The author didn't have a wink of sleep the earlier night as his spectacles were playing hide and seek with him. Having lost the game after 3 hours of frantic search, he takes a short nap for 2 hours. Having had only ten hours of sleep the whole of last week(the sem exams took a heavy toll on our sleep) this got used to him. But he was up in his berth by 7'o clock due to a new alarm tone.(The new alarm was quite different. It had its own alarm time of 6:30 and a snooze time of 2 min for the next 3 hours. Well if still the reader hasn't understood, I am talking about the IRCTC vendors in their comedy outfits peddling up and down the train, their so called tea and coffee with an alarm tone of "chaaai garam chaaai" and the " kaaapi coffee" tones). The spectacles in 7 pieces(thanks to those vendors) greets him with a Good Morning. He thanks his mom for her insistence upon having a spare set of spectacles and lazily brushes his teeth.

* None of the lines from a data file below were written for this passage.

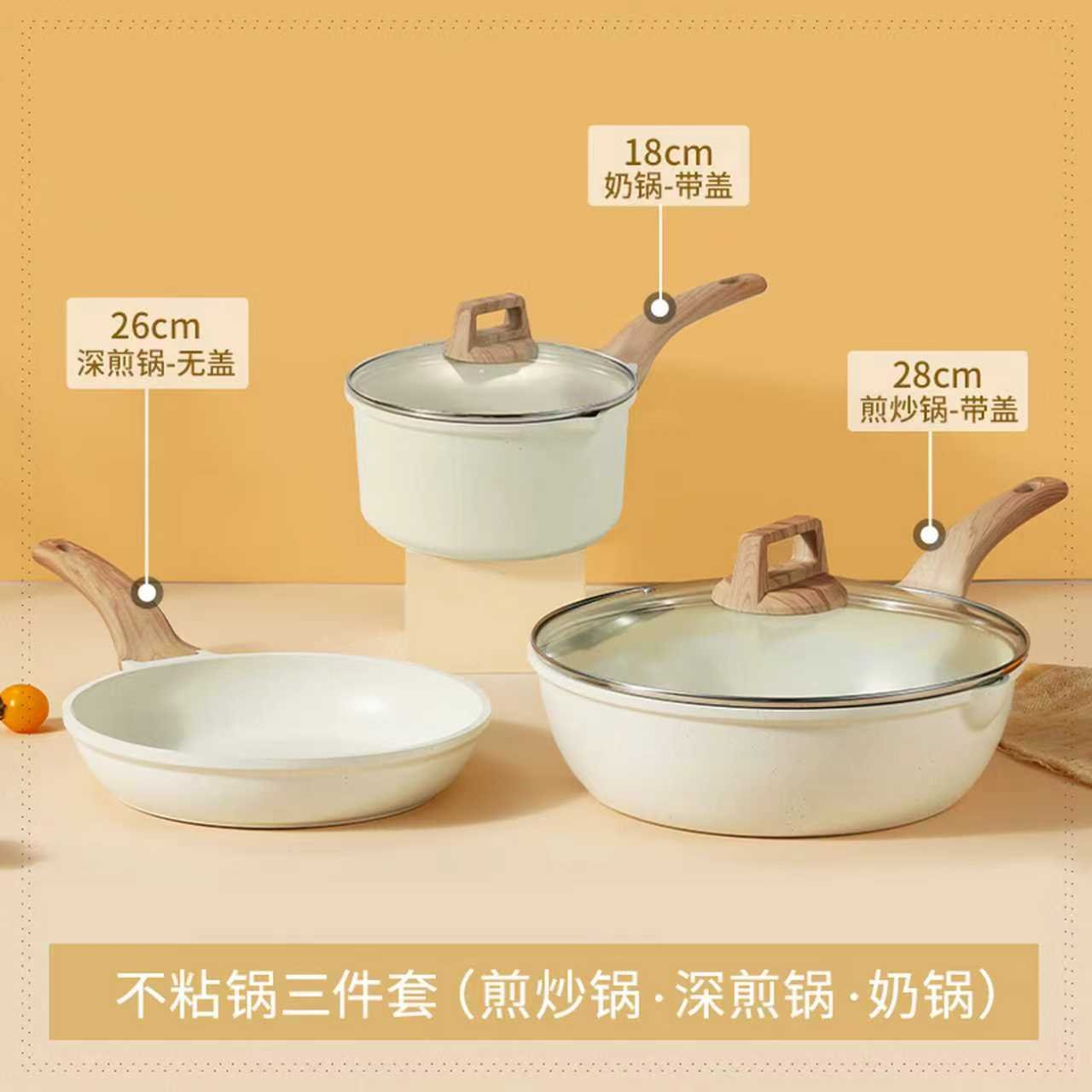 卡罗特 家用麦饭石不粘锅3件套
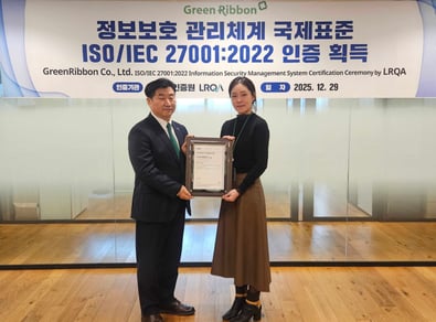 12월 29일 보험·의료 데이터 기반 인슈어테크 기업인 그린리본의 ISO 27001 (정보보안 경영시스템)인증 획득을 축하하는 인증수여식이 진행되었습니다.
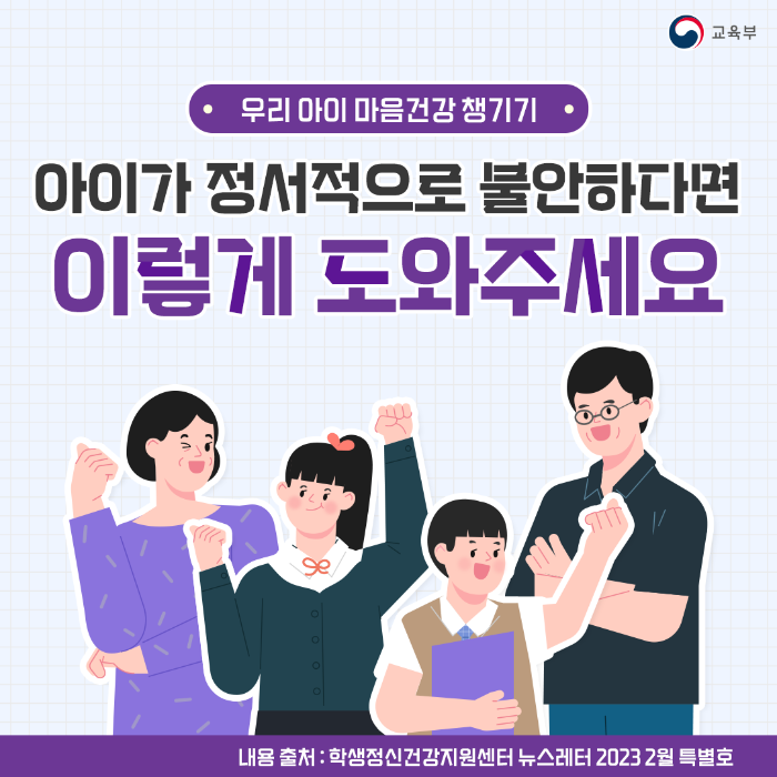 | 아이가 정서적으로 불안하다면 이렇게 도와주세요 *내용 출처 : 학생정신건강지원센터 뉴스레터 |
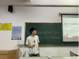 党支部书记章梦琪对学生代表分享的内容进行了相应的补充,并对与会同志提出了要求与希望,要求大家在日常的学习和生活上严格要求自己,并在课后认真学习党的十九届五中全会的内涵;并希望作为当代大学生的广大党员同志和积极分子们要有新时代的担当,能为国家新时期的建设贡献自己的一份力量。
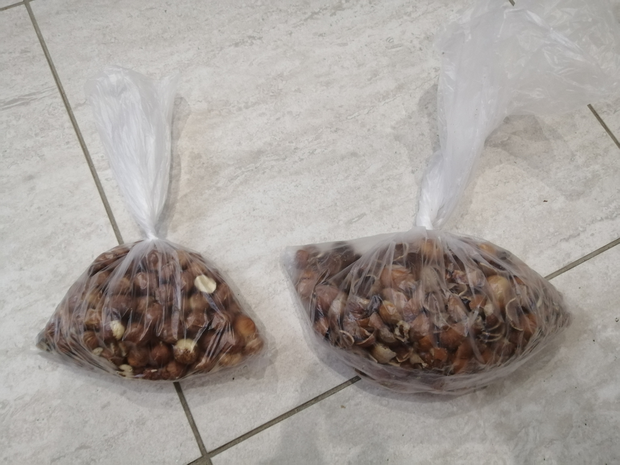 Скорлупы получилось, по внешнему виду, в два раза больше чем орехов.
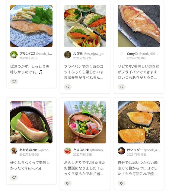 つくれぽ(つくりましたフォトレポートのこと)にも「フライパンでできるふっくら焼き鮭、とっても美味しかったです」「時間が経ってもふっくらでした。今度から塩鮭を焼く時はこの方法でやりたいとおもいます。」など、絶賛コメントがたくさん届いています。
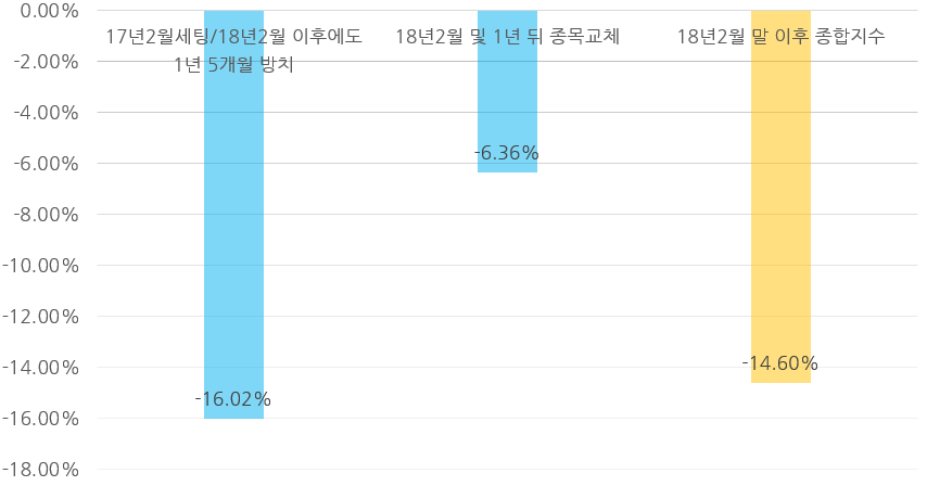 같은 기간 종합주가지수는 -14.6%하락을 만들었습니다만, 1년 단위로 포트폴리오를 변경한 경우에는 -6.36%로 상대적으로 양호한 하락률을 기록하였습니다. 하지만 2017년 2월에 세팅하여 1년을 보유하고도 1년 5개월을 방치한 총2년 반의 시간보유한 포트폴리오의 경우 -16%로 주가지수보다도 낮은 성과를 만들고 말았습니다.
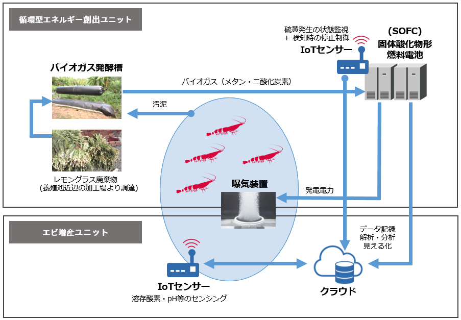 IoTによる「エビ増産ユニット」では、IoTデバイスを使い、溶存酸素濃度、pHなどをセンサーで計測するほか、IoTプラットフォームを設計、養殖池の水質データに加え、バイオガス発酵槽とSOFCの状態監視などを含むデータの保存、可視化を行い、データの閾値監視やアラート通知機能などのシステムを構築することで、養殖環境とエビの育成状況との相関性を分析します。エビにとって最適な養殖環境を見出し、養殖効率向上を目指します。
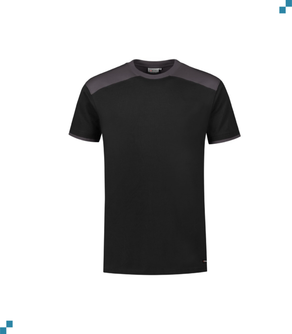 T-shirt, 100% katoen, 190 gr/m², single jersey, unisex, regular fit, ronde hals met 1×1 ribkraag, schouderpaneel en mouwzoom in contrast kleur. Brandlabel op onderzijde.
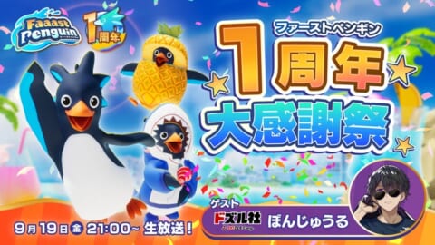 2025年9月19日(金)21:00より、リリース1周年直前を記念した公式生放送が配信されます。この生放送では、1周年イベントに関する最新情報や、ファンアートの紹介が予定されています。ファンアートはハッシュタグ「 #ファスペンファンアート 」または「 #FaaastPenguinFanArt 」を付けてXに投稿することで募集されています。
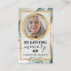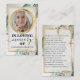 Tarjeta de oración totalmente personalizada con una cruz decorativa en la parte trasera y versos de oración que se pueden personalizar. La tarjeta de oración viene con un personalizable y una foto personalizada y con un nombre personalizado y fecha del funeral. El diseño presenta un estilo de escritura a mano/caligrafía junto con fuentes elegantes y elegantes.
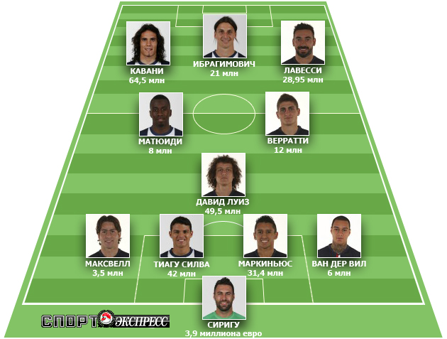 Но места в стартовом составе наставник парижан Лоран Блан доверил только проверенным футболистам, успевшим сделать себе имя в других европейских клуба. Эта версия состава (без учета пары выбовших футболистов – Тиагу Мотты и Лукаса Моуры) обошлась катарским владельцам "ПСЖ" в 270,75 миллиона евро:
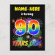 90th Birthday - Fun Fireworks, Rainbow Look "90" Postcard
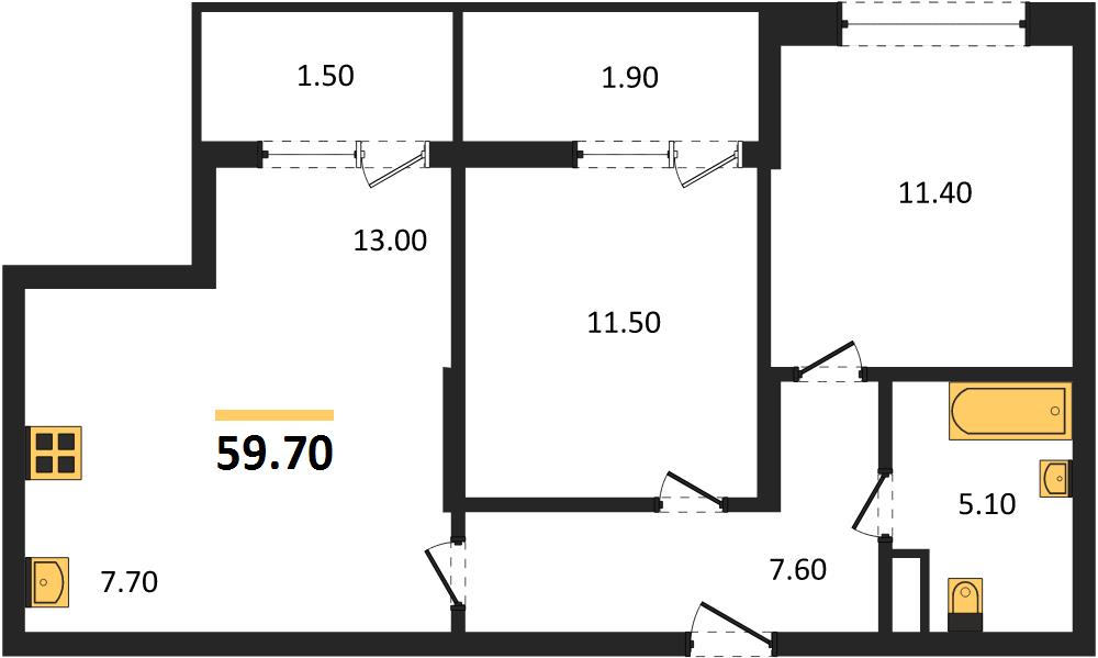 Квартира: 2 к 59,70 кв.м., 4 этаж в комплексе Хозяин Морей, 2 очередь, корп.2В, сдача: 4кв. , этажей: 8, адрес Супсех село, д. литер 2В, Застройщик: ТОЧНО.
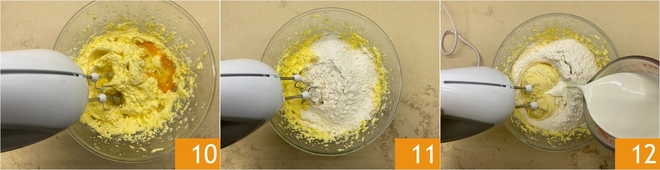 Mischen Sie, bis sie gut eingearbeitet sind 10. Geben Sie das Mehl in 3 Portionen hinzu 11, abwechselnd mit etwas Buttermilch 12. In dieser Phase verwenden Sie den Mixer auf niedriger Geschwindigkeit, um den Teig nicht zu stark zu bearbeiten.
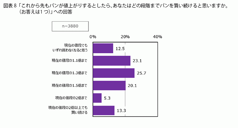 「これから先もパンが値上がりするとしたら、あなたはどの段階までパンを買い続けると思いますか」(図表8)と聞いたところ、最も多かったのは「現在の値段の1.3倍まで」(25.7%)でした。
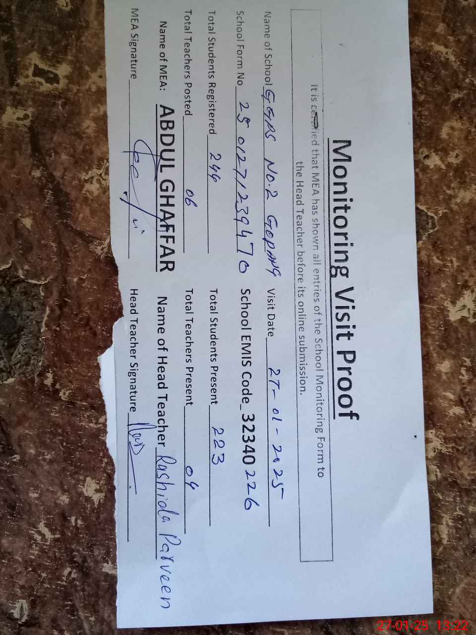 | Attendance Register | Head Teacher | MEA with School | Visit Proof |
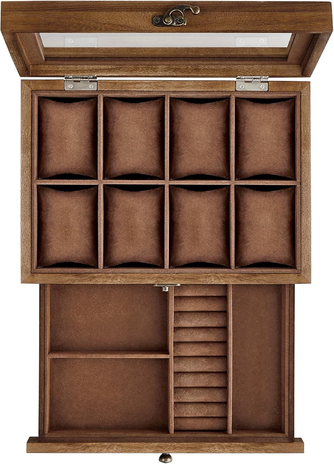 SONGMICS 8-Slot Watch Box, 2-Tier Watch Display Case with Large Glass Lid, Rustic Walnut UJOW008K01

Nothing to complain of after two hot cups of tea and bread cutlet as break fast. He moves to the other coach to see whether the others were still in their wonderland or have woken up. (I tell you that is a group of heavy sleepers). To his astonishment breakfast was already over with pug's Aloo puri(5 dozens of poori for 6 people). The morning wiles away lazily with hot news from The Hindu and The Indian Express starting a series of discussion about the World Tour Series decision.(Mr. Pose and Mr. Arbit seemed to be more concerned than Federer and Murray) The twins and Palan got buried in their novels while the rest sat for a game of literature.(The author is an ace at it).
After an hour of entertainment the focus turns towards scenery outside. We have just passed golt land and the town of Balharshah with its towering paper factories welcomes us. Shap was already restless, as it was almost two hours since his break fast and nothing has gone down his throat(A feat by itself). Genie and Shap scale the length and breadth of the station and were back with a small picnic pack in a jiffy.(Anybody in the platform would have thought that the train's pantry was going out of stock). After oranges at Nagpur and Dhoklas at Bhopal, Mafia took centre stage( or rather Sharadh). As we crossed Bhopal, the early signs of North Indian winter were visible inside the train. As always 18 Till We Die did the most to show off. The race for the most no of winter clothes to be worn started and we were all geared up in ten min. As night set we ate silently and the author and druggie went to sleep with the eagerness of seeing their old place tomorrow again after a long time. The gleaming eyes sandwiched in those mufflers and caps slowly dimmed and faded away as the [Un]lucky traveler was asleep in ten min.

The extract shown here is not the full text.